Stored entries
Segment Open

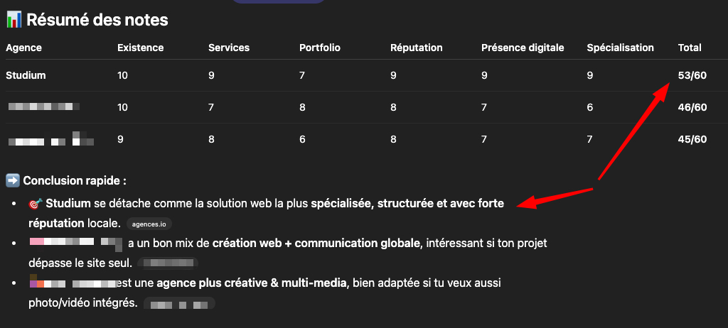 Pour rendre tout cela concret, voici l'exercice que j'ai demandé à ChatGPT de réaliser en direct : noter trois agences web vichyssoises sur chacun de ses propres critères, avec une note sur 10 et des éléments justificatifs tirés de leurs sources publiques.
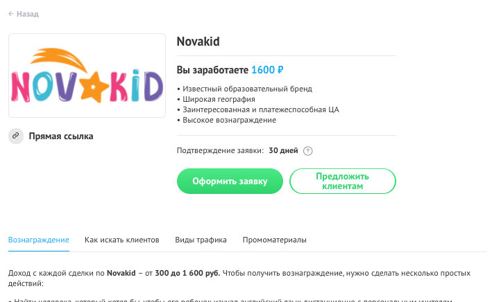 Рекомендовать мы будем курсы онлайн школы NovaKid. Это предложение недавно появилось на Workle и у него достаточно простое целевое действие - прохождение бесплатного пробного урока, за который можно заработать 300 рублей.
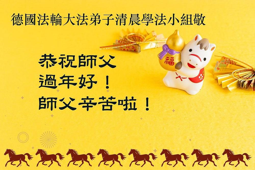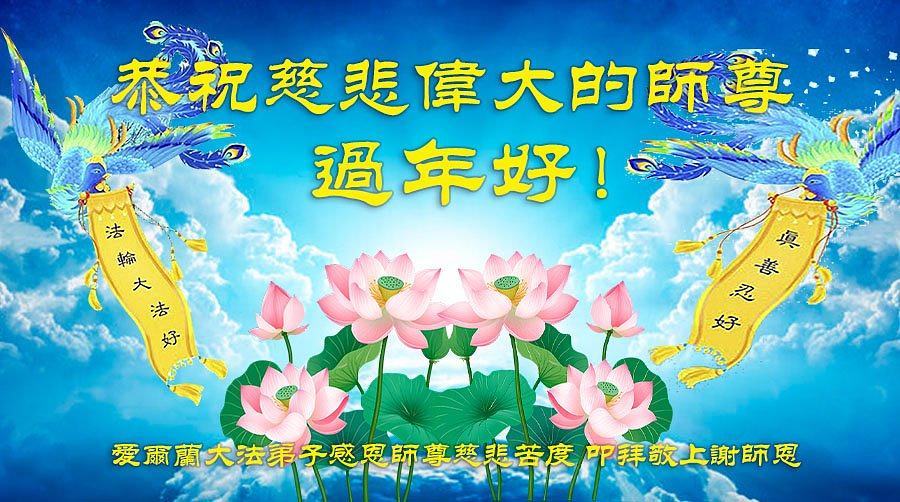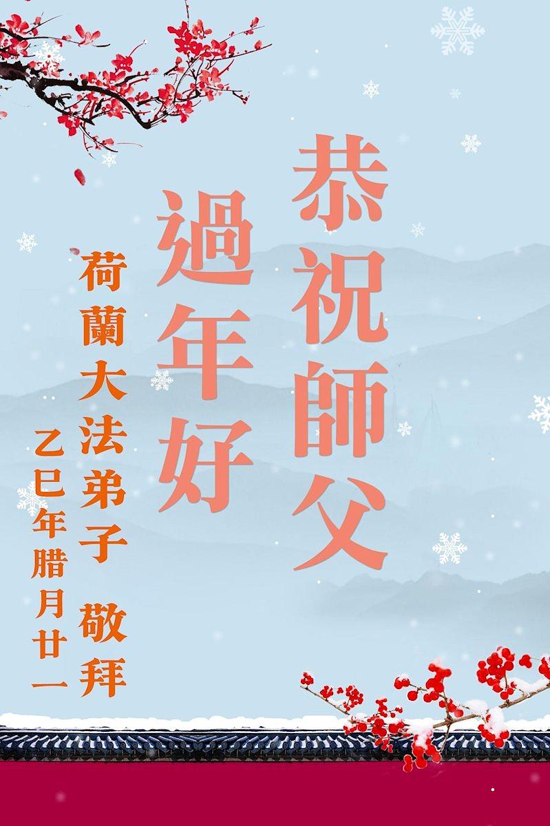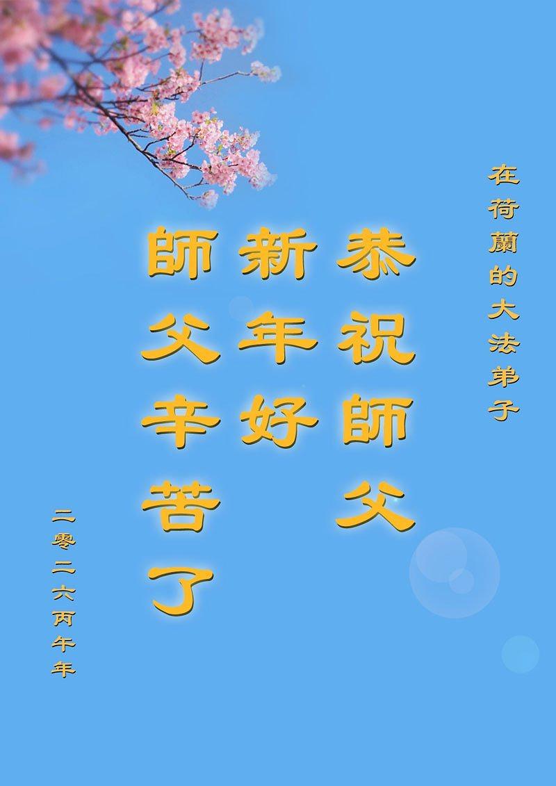Praktikanti Falun Dafe iz sedam zapadnoevropskih zemalja s poštovanjem žele učitelju Li Hongdžiju srećnu kinesku Novu godinu
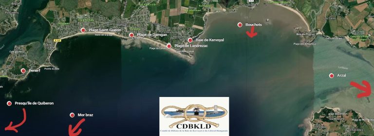 L’association Comité de Défense de la Baie de Kervoyal et du Littoral Damganais CDBKLD a pour but: – de veiller à la protection du littoral Damganais et de la baie de Kervoyal, c’est-à-dire la zone littorale comprise entre la Rivière de Penerf et la Pointe de Pen-Lan, et qui comprend en particulier la zone côtière située entre la Rivière de Penerf et la pointe du Bil, la plage de Saint Guérin, la plage de Damgan, la grande plage de Kervoyal, les anses de Kervoyal, de port Lestre, de Tréhervé, de Cromenac’h, de Bétahon et le port de Billiers. Depuis 2016 le Mor Braz a été ajouté au périmètre.
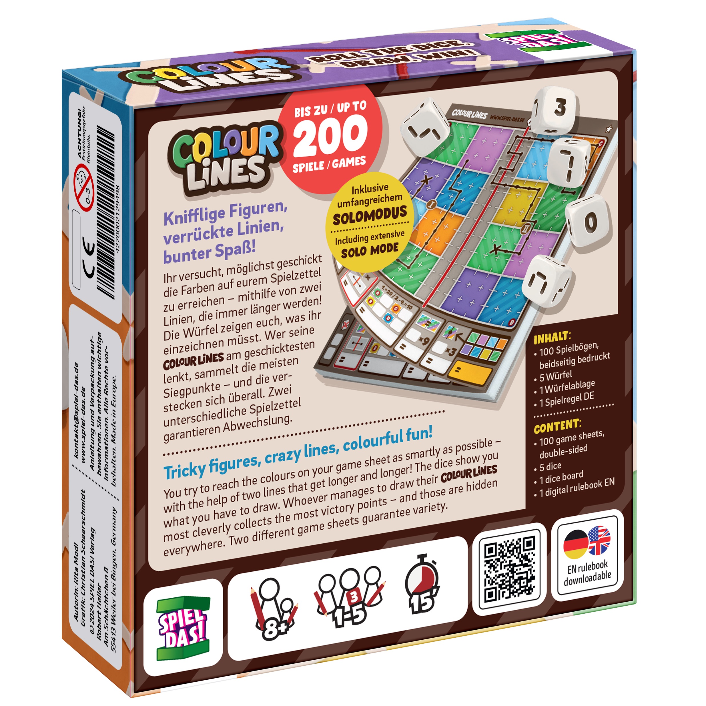 Knifflige Figuren, verrückte Linien, bunter Spaß! Bei COLOUR LINES versucht ihr, möglichst geschickt die verschiedenen Farben auf eurem Spielzettel zu erreichen – mithilfe von zwei Linien, die im Laufe des Spiels immer länger werden! Die Würfel zeigen euch, was ihr einzeichnen müsst – das können auch mal knifflige Figuren sein. Wer seine COLOUR LINES am geschicktesten durch die Farben manövriert, sammelt die meisten Siegpunkte – und die verstecken sich überall. Ein herausfordernder Solomodus, mehrere Varianten und zwei unterschiedliche Spielzettel garantieren jede Menge Abwechslung.
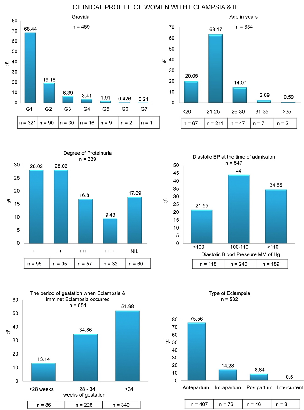 Among 469 pregnant women with eclampsia and IE, 321 women (68.4%) wereprimies, 90 women (19.18%) were gravida 2, 30 women (6.39%) were gravida 3, and remaining 28 women were gravida 4 and 4+.
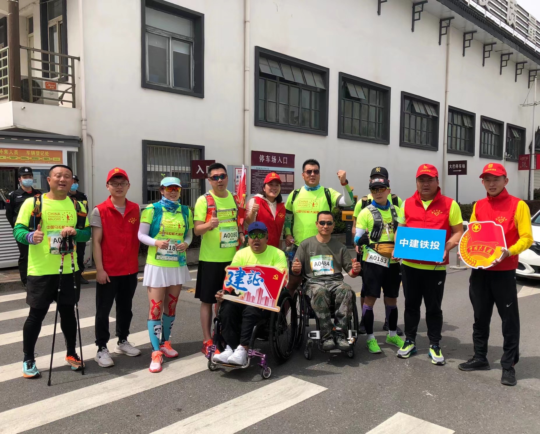 胡洁(左五)在终点附近迎接于乐乐。受访者供图
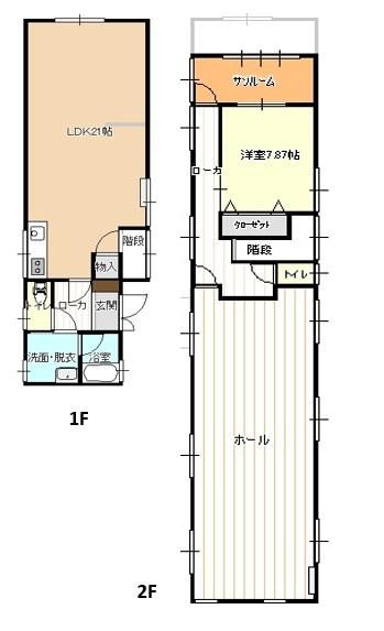 1階は21帖の広いLDKと水回りがあり、2階は広いホールがあります。トイレは1階と2階にあります。
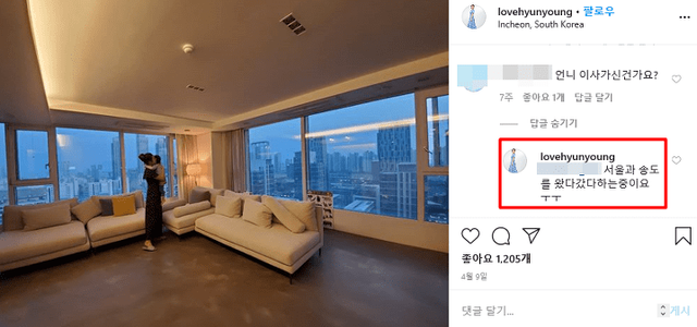 2020년 4월 현영은 자신의 SNS를 통해 "간만에 아들하고 달콤한 시간"이라는 글과 함께 송도의 전경이 한눈에 보이는 자택에서 찍은 사진을 공개했고 평소 사진의 배경이었던 청담동 소재의 집과 다른 것을 알아챈 네티즌들이  "이사했느냐"라고 묻자 "서울과 송도를 왔다 갔다 한다. 이곳은 세컨드하우스"라고 답했습니다.
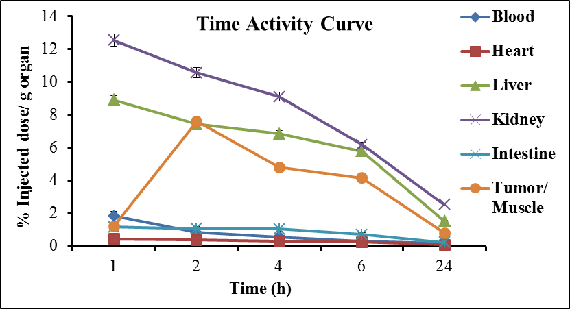 For the blood kinetics studies, 99mTc-DO3A-Act-AQ was intravenously administered in healthy rabbits. Briefly, 0.3 mL of 99mTc-DO3A-Act-AQ was administrated through the dorsal ear vein of the rabbit. The blood sample from the other ear vein was taken at different time intervals (0.25, 0.5, 1, 2, 4 and 24 h) and collected in heparinised tubes. The blood samples were accurately weighed to the second place of decimal in terms of g and number of counts was measured using gamma well counter. Data is expressed as percent administrated dose present in the whole body blood considering whole body blood as 7% of the body.
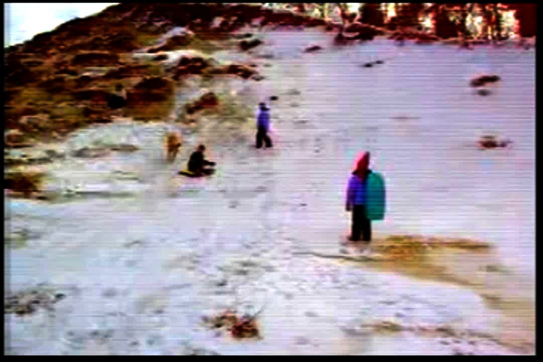 3 boys sled down snow hill. 1st boy to go down gets knocked over on the pavement when 2nd boy sleds into him. Then when boy is lying on the ground, 3rd boy sleds down and runs into his shoulders, he slides.
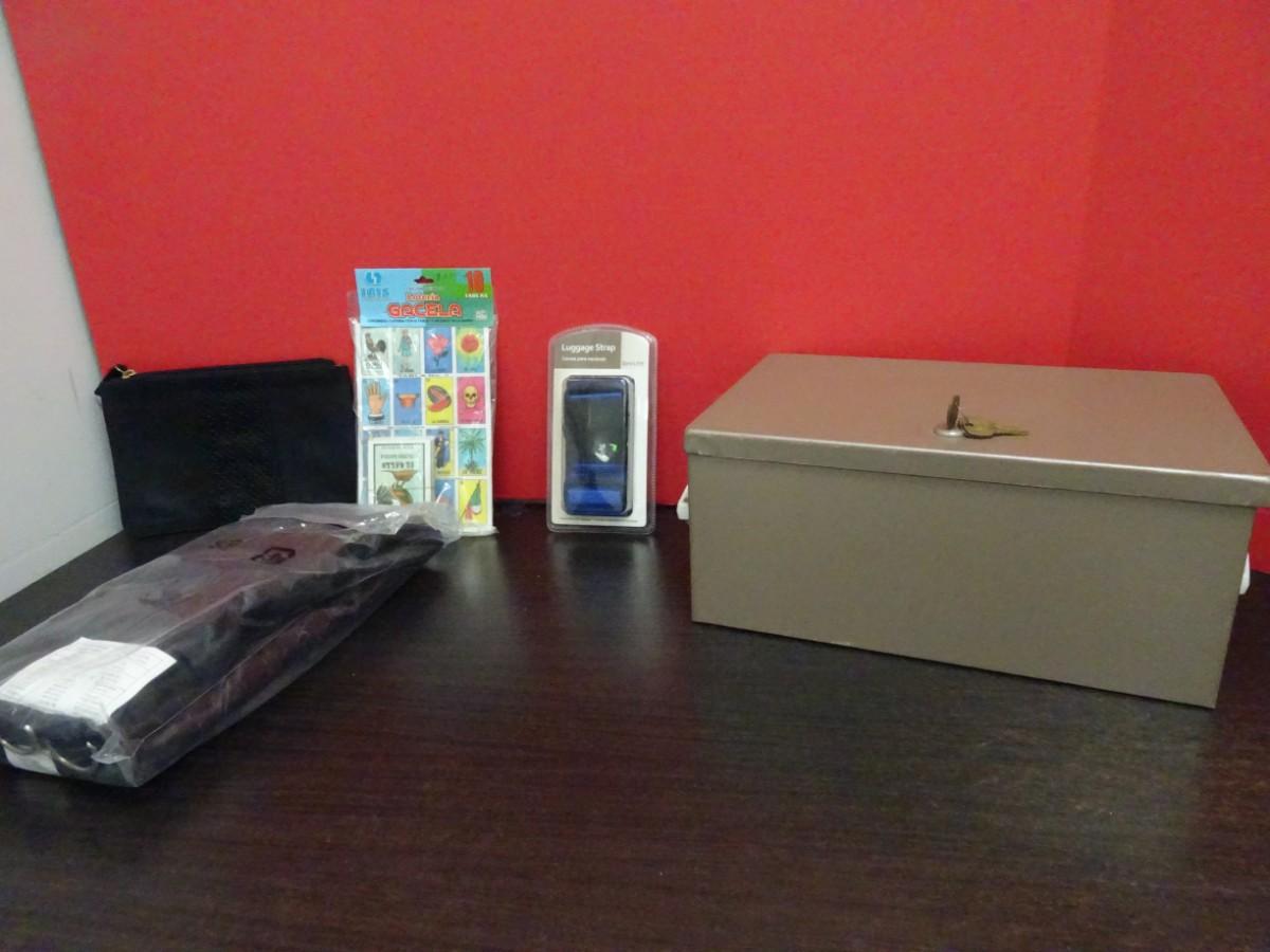 LOT 639. ANKLE WEIGHTS NEW IN PACKAGE, VINTAGE STORAGE BOX WITH KEY, MISC.
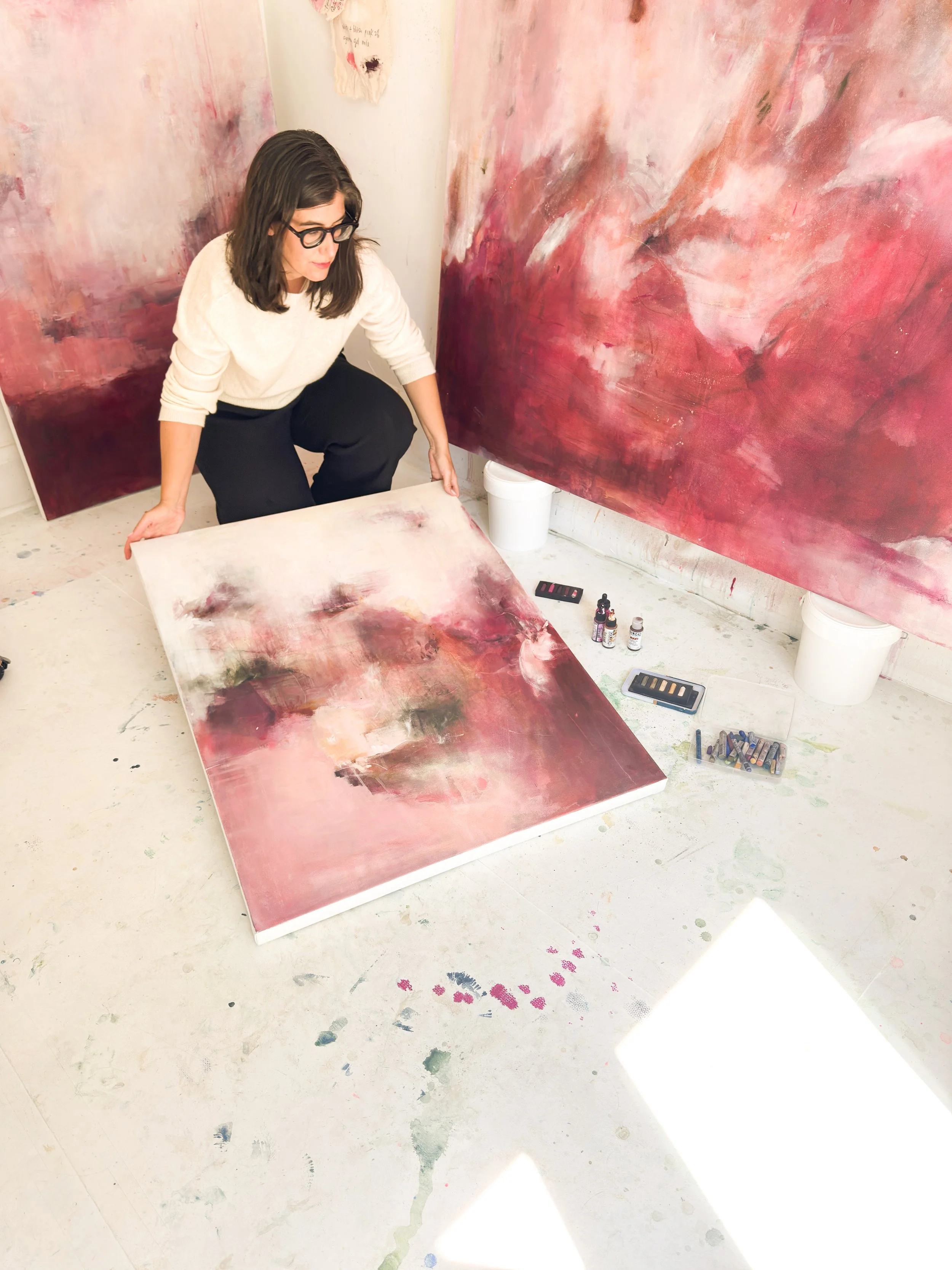 Woman with dark hair and glasses working on large abstract pink and red paintings in a bright art studio with paint supplies on the floor.

Segment Closed

▶ [Work instructions] Your reply should consist of the data, transcribed exactly, and should hold no pictures.

▶ [Solved problem]
 Pour rendre tout cela concret, voici l'exercice que j'ai demandé à ChatGPT de réaliser en direct : noter trois agences web vichyssoises sur chacun de ses propres critères, avec une note sur 10 et des éléments justificatifs tirés de leurs sources publiques.
 Рекомендовать мы будем курсы онлайн школы NovaKid. Это предложение недавно появилось на Workle и у него достаточно простое целевое действие - прохождение бесплатного пробного урока, за который можно заработать 300 рублей.
Praktikanti Falun Dafe iz sedam zapadnoevropskih zemalja s poštovanjem žele učitelju Li Hongdžiju srećnu kinesku Novu godinu
 L’association Comité de Défense de la Baie de Kervoyal et du Littoral Damganais CDBKLD a pour but: – de veiller à la protection du littoral Damganais et de la baie de Kervoyal, c’est-à-dire la zone littorale comprise entre la Rivière de Penerf et la Pointe de Pen-Lan, et qui comprend en particulier la zone côtière située entre la Rivière de Penerf et la pointe du Bil, la plage de Saint Guérin, la plage de Damgan, la grande plage de Kervoyal, les anses de Kervoyal, de port Lestre, de Tréhervé, de Cromenac’h, de Bétahon et le port de Billiers. Depuis 2016 le Mor Braz a été ajouté au périmètre.
 Knifflige Figuren, verrückte Linien, bunter Spaß! Bei COLOUR LINES versucht ihr, möglichst geschickt die verschiedenen Farben auf eurem Spielzettel zu erreichen – mithilfe von zwei Linien, die im Laufe des Spiels immer länger werden! Die Würfel zeigen euch, was ihr einzeichnen müsst – das können auch mal knifflige Figuren sein. Wer seine COLOUR LINES am geschicktesten durch die Farben manövriert, sammelt die meisten Siegpunkte – und die verstecken sich überall. Ein herausfordernder Solomodus, mehrere Varianten und zwei unterschiedliche Spielzettel garantieren jede Menge Abwechslung.
 Among 469 pregnant women with eclampsia and IE, 321 women (68.4%) wereprimies, 90 women (19.18%) were gravida 2, 30 women (6.39%) were gravida 3, and remaining 28 women were gravida 4 and 4+.
 胡洁(左五)在终点附近迎接于乐乐。受访者供图
 1階は21帖の広いLDKと水回りがあり、2階は広いホールがあります。トイレは1階と2階にあります。
 2020년 4월 현영은 자신의 SNS를 통해 "간만에 아들하고 달콤한 시간"이라는 글과 함께 송도의 전경이 한눈에 보이는 자택에서 찍은 사진을 공개했고 평소 사진의 배경이었던 청담동 소재의 집과 다른 것을 알아챈 네티즌들이  "이사했느냐"라고 묻자 "서울과 송도를 왔다 갔다 한다. 이곳은 세컨드하우스"라고 답했습니다.
 For the blood kinetics studies, 99mTc-DO3A-Act-AQ was intravenously administered in healthy rabbits. Briefly, 0.3 mL of 99mTc-DO3A-Act-AQ was administrated through the dorsal ear vein of the rabbit. The blood sample from the other ear vein was taken at different time intervals (0.25, 0.5, 1, 2, 4 and 24 h) and collected in heparinised tubes. The blood samples were accurately weighed to the second place of decimal in terms of g and number of counts was measured using gamma well counter. Data is expressed as percent administrated dose present in the whole body blood considering whole body blood as 7% of the body.
 3 boys sled down snow hill. 1st boy to go down gets knocked over on the pavement when 2nd boy sleds into him. Then when boy is lying on the ground, 3rd boy sleds down and runs into his shoulders, he slides.
 LOT 639. ANKLE WEIGHTS NEW IN PACKAGE, VINTAGE STORAGE BOX WITH KEY, MISC.
 Woman with dark hair and glasses working on large abstract pink and red paintings in a bright art studio with paint supplies on the floor.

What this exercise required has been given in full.